Why am I bringing this up now? It’s because, as my colleague David Brooks likes to say, Donald Trump is often the wrong answer to the right question. Trump today is offering America a spectacularly wrong answer — a tariff war against the whole world and a revival of 1960s assembly lines — to a very valid question: How do we get more Americans making stuff again?

So, then, what’s the right answer? I admire the fiery protest campaign of Senator Bernie Sanders and Representative Alexandria Ocasio-Cortez. I love their ability to get people out to push back on Trump’s destroy-America-in-100-days campaign. God bless them for that.

But when I listen to A.O.C. and Sanders, I don’t hear them solving for the future. So much of what they are about is lazily bashing billionaires, along with defending Social Security, Medicare and Medicaid from the Trump-Elon Musk chain saw. Please, save all of that.

But if Democrats are going to again be the party of the working class, and unify the country more, they need a strategy for expanding the pie of work by expanding new industries — not just protecting the pie of benefits. At a time when Trump Republicans have so given up on the future, Democrats should be for reinventing it. And that requires a strategy to push advanced manufacturing in America into wholly new realms. And that is why I am a Waymo Democrat. It is the right answer to the right question: How can we create more good jobs in advanced manufacturing?

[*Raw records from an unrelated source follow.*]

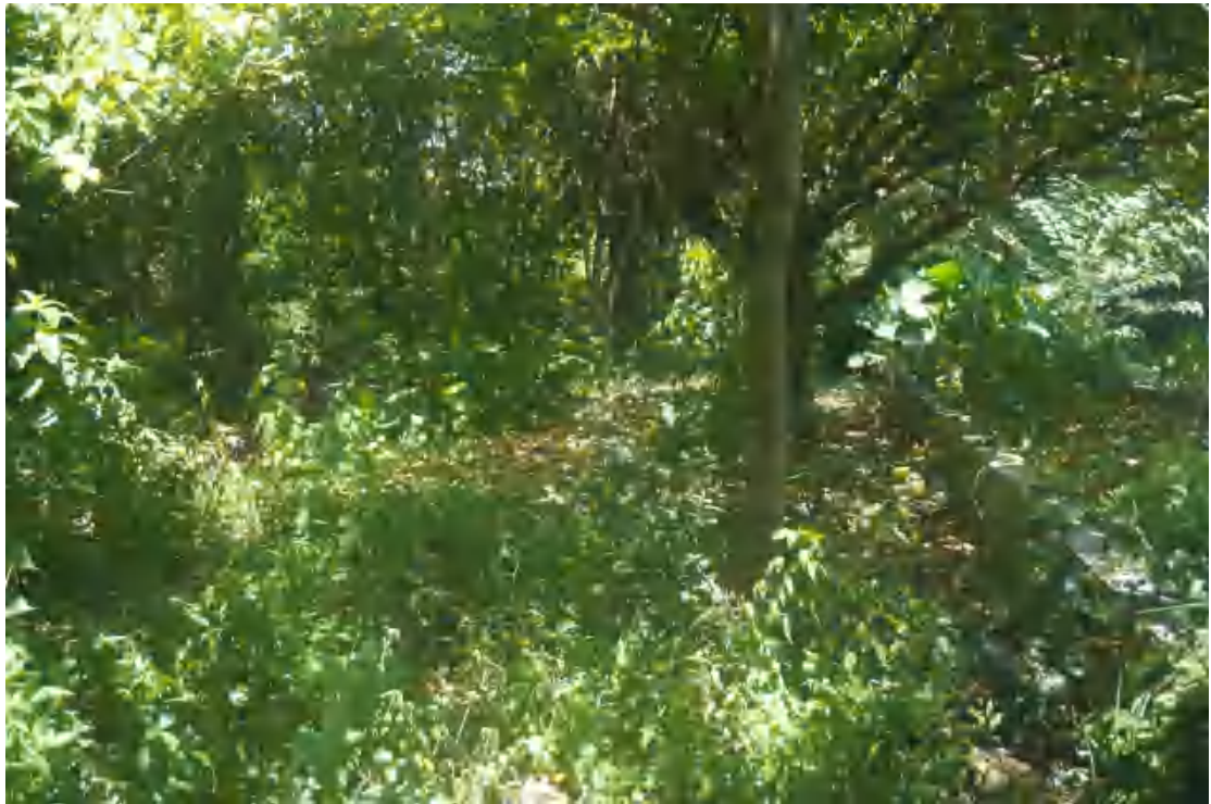
图 16 地块内部现状（南-北）
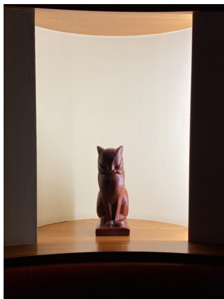
Chat assis, 1925, sculpture en terre cuite, H 34 cm, Jan et Joël Martel, © Aurore Danneels/Centre des monuments nationaux
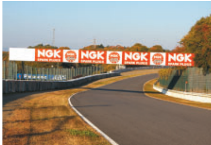
スプーンカーブ手前に設置されたNGKブリッジ

晩秋の鈴鹿を舞台に日本特殊陶業株式会社様のプロモーション活動や参加者サポートをはじめ、様々なイベントが展開されました。
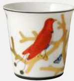
Pot + bougie parfumée 200g Tumbler + candle home fragrance 200g

D. 27 cm H. 36 cm / D. 10.6" H. 14" 2488/21533
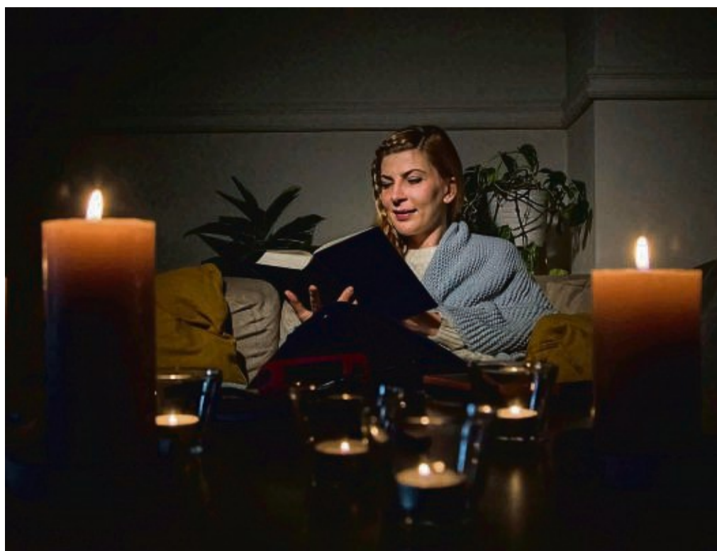
Statt langweiliger Party: Mit besinnlichen Momenten, einer Rück- und Vorschau lässt sich der letzte Tag des Jahres auch für sich zelebrieren.

Zudem eignet sich der letzte Abend des Jahres hervorragend für besinnliche Momente.
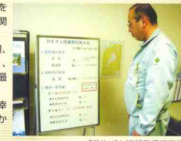
「丹生ダム情報発信掲示板」

水資源開発公社丹生ダム建設所では、「地域に開かれた事務所」を目指す取り組みとして、最新の気象・水象データをとりまとめ、玄関に「丹生ダム情報発信掲示板」を設置しました。 「丹生ダム情報発信掲示板」には、高時川(余呉町管営地区)の流量、降水量(余呉町管営地区・坂口地区)、積雪深(余呉町管見地区)、琵琶湖からの放流量、琵琶湖の水位を掲示しており、毎朝9時に最新情報に更新しています。 是非一度、丹生ダム建設所に立ち寄って、利用していただくと幸いです。今後とも皆様のご意見を伺いながら、さらに「地域に開かれた事務所」の取り組みを進めていきたいと思っております。

I say this for three reasons. First, robotaxis are going to be a huge industry, not just because I use only Waymos whenever I am in San Francisco, but because I am not alone. In just San Francisco, Phoenix, Austin and Los Angeles — the four cities where Waymo offers its fully autonomous ride-hailing service — it’s now racking up a whopping 200,000 paid rides a week. That’s a growth industry.